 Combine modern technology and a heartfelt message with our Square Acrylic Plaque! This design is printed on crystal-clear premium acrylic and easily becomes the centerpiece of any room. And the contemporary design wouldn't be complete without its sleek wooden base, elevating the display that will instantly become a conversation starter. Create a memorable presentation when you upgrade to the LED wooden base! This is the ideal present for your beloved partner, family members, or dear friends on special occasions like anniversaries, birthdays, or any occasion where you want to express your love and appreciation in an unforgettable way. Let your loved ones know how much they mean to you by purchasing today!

================================

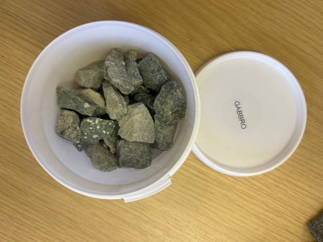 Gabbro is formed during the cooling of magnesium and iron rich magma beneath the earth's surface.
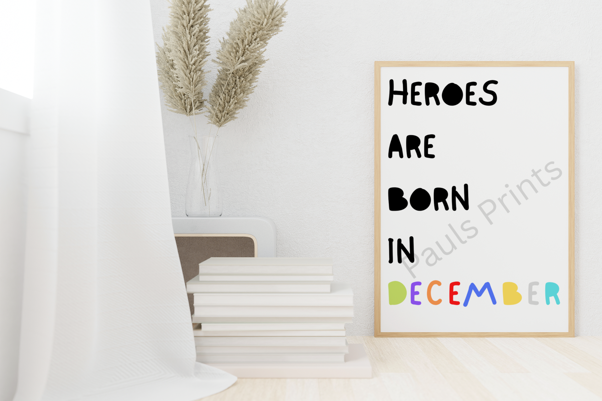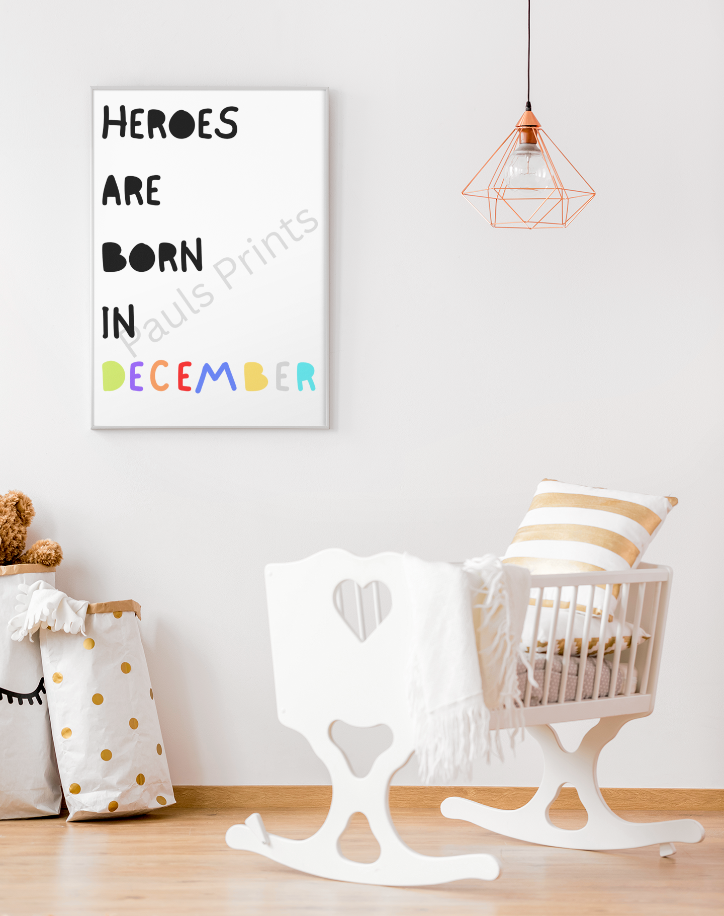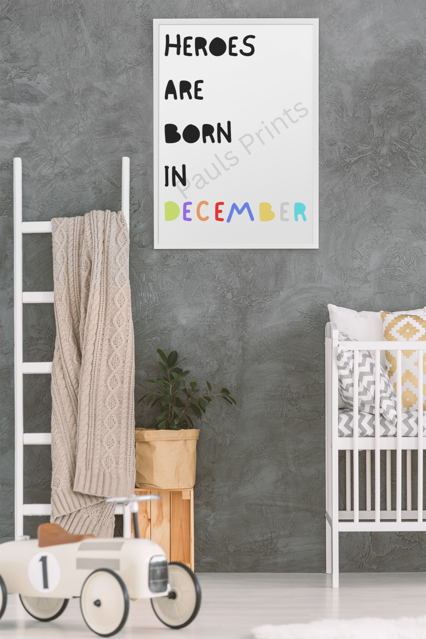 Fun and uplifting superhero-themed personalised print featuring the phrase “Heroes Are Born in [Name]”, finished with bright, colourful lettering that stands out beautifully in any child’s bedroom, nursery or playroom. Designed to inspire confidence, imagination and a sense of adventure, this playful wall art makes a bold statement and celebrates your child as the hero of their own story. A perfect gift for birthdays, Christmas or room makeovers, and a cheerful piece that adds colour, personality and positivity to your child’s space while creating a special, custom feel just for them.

================================

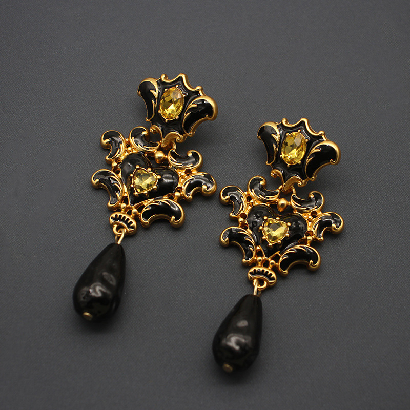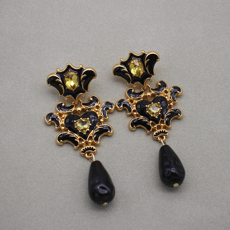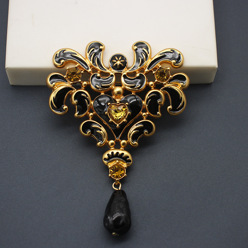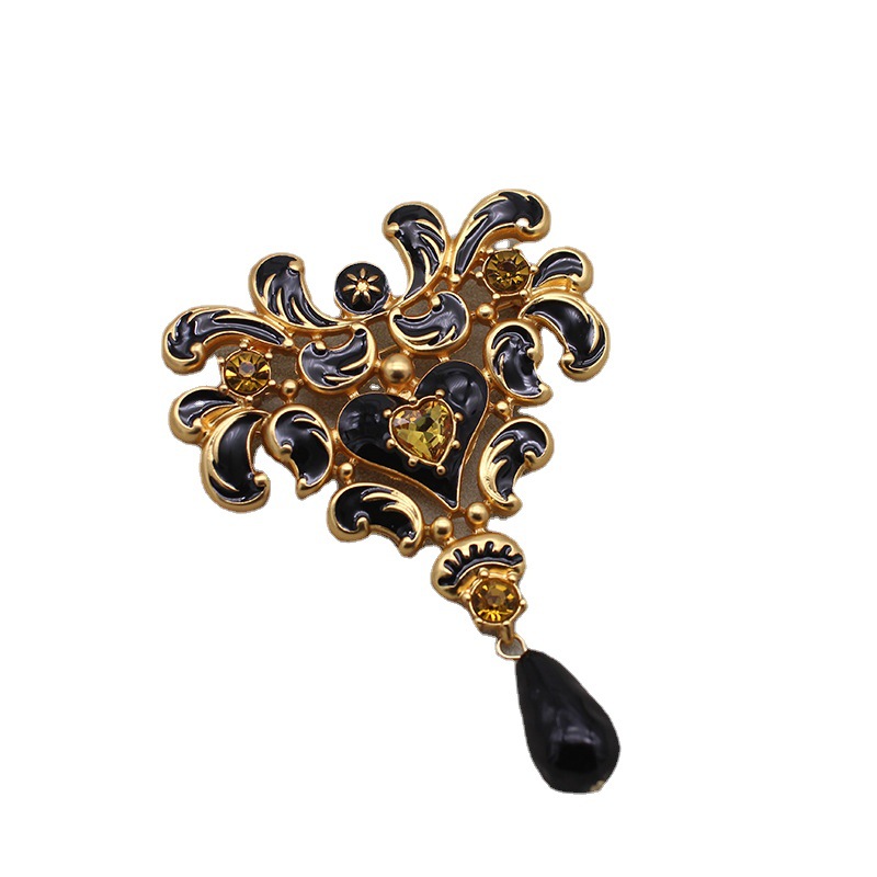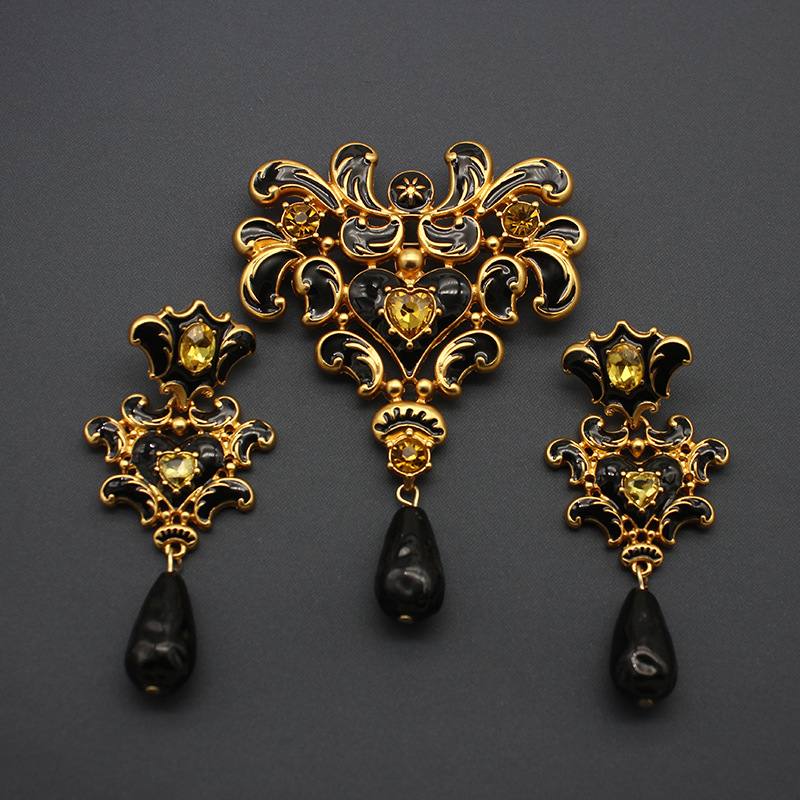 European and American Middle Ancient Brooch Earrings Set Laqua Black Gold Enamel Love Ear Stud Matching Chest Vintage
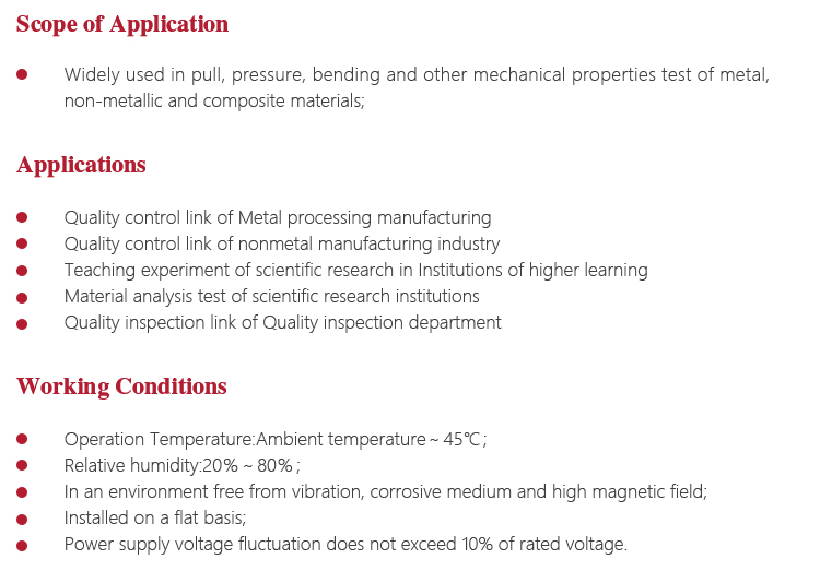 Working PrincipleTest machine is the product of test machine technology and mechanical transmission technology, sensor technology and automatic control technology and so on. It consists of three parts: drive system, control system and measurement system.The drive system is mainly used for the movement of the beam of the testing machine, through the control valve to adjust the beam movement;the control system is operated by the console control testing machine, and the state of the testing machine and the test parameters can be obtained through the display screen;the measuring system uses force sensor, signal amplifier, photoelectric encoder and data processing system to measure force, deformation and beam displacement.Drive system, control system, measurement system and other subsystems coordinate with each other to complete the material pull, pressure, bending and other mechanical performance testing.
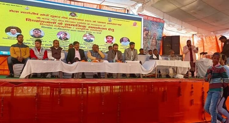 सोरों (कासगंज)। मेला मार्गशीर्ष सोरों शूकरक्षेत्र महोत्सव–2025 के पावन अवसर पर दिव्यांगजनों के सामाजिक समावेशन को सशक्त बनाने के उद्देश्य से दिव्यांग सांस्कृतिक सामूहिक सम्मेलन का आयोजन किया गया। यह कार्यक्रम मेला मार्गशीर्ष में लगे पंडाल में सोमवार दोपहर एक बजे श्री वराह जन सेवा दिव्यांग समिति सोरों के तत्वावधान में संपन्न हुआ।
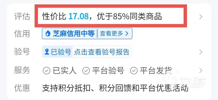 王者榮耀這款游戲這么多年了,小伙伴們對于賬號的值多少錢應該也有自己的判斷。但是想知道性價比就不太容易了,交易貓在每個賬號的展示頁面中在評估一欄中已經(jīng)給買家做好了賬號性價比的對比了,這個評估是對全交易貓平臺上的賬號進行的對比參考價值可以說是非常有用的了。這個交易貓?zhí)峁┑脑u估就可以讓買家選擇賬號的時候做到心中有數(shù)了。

================================

What is being asked: Would you print exactly the lines in the listing above, from the line bearing "Working PrincipleTest machine" through the line bearing "王者榮耀這款游戲這么多年了,小伙伴們對于", leaving out all pictures?

Expected output:
 Working PrincipleTest machine is the product of test machine technology and mechanical transmission technology, sensor technology and automatic control technology and so on. It consists of three parts: drive system, control system and measurement system.The drive system is mainly used for the movement of the beam of the testing machine, through the control valve to adjust the beam movement;the control system is operated by the console control testing machine, and the state of the testing machine and the test parameters can be obtained through the display screen;the measuring system uses force sensor, signal amplifier, photoelectric encoder and data processing system to measure force, deformation and beam displacement.Drive system, control system, measurement system and other subsystems coordinate with each other to complete the material pull, pressure, bending and other mechanical performance testing.
 सोरों (कासगंज)। मेला मार्गशीर्ष सोरों शूकरक्षेत्र महोत्सव–2025 के पावन अवसर पर दिव्यांगजनों के सामाजिक समावेशन को सशक्त बनाने के उद्देश्य से दिव्यांग सांस्कृतिक सामूहिक सम्मेलन का आयोजन किया गया। यह कार्यक्रम मेला मार्गशीर्ष में लगे पंडाल में सोमवार दोपहर एक बजे श्री वराह जन सेवा दिव्यांग समिति सोरों के तत्वावधान में संपन्न हुआ।
 王者榮耀這款游戲這么多年了,小伙伴們對于賬號的值多少錢應該也有自己的判斷。但是想知道性價比就不太容易了,交易貓在每個賬號的展示頁面中在評估一欄中已經(jīng)給買家做好了賬號性價比的對比了,這個評估是對全交易貓平臺上的賬號進行的對比參考價值可以說是非常有用的了。這個交易貓?zhí)峁┑脑u估就可以讓買家選擇賬號的時候做到心中有數(shù)了。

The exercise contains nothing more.